Introduction to SNP-based variant calling
This pipeline contains a wrapper for vivaxGEN NGS-Pipeline, a SNP-based variant calling pipeline, which has been setup to process P. vivax sequence data. This pipeline will produce ordinary VCF file that can be used for further downstream analysis.

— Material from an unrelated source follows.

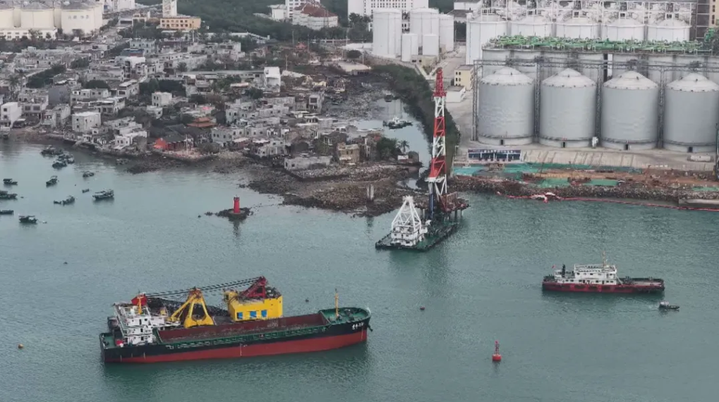 该项目质量负责人苏利刚说,新粮油码头建成后,大型货轮可直靠洋浦,原料通过输送带直达厂区,有效降低损耗,实现“船—仓—厂”无缝衔接,服务粮油加工产业集群发展。

Currently, this pipeline was setup to use multi-step mode of vivaxGEN NGS-Pipeline in a single command line with GATK-based workflow to generate VCF file There is also Freebayes-based workflow, but it requires modification of the setting, which will not be covered in this documentation.
Quick Start
Running the pipeline is as easy executing the following command:
$ ngs-pl run-discovery-variant-caller -o output_dir path_to_fastq/*.fastq.gz
When the command finishes, examine the content of
output_dirdirectory:
The layout of the output directory is:
$ tree output_dir
output_dir/
metafile/
manifest.tsv
analysis/
SAMPLE-1/
gvcf/
SAMPLE-1-PvP01_all_v2.g.vcf.gz
SAMPLE-1-PvP01_all_v2.g.vcf.gz.tbi
maps/
mapped-final.bam
mapped-final.bam.bai
reads/
raw-0_R1.fastq.gz
raw-0_R2.fastq.gz
logs/
...
SAMPLE-2/
...
joint/
concatenated.vcf.gz
vcfs/
reports/
...
completed_samples/
SAMPLE-1/
...
SAMPLE-2/
...
failed_samples/
...
The primary output file of interest is the concatenated.vcf.gz which contains the SNPs and the genotype calls for each of the samples.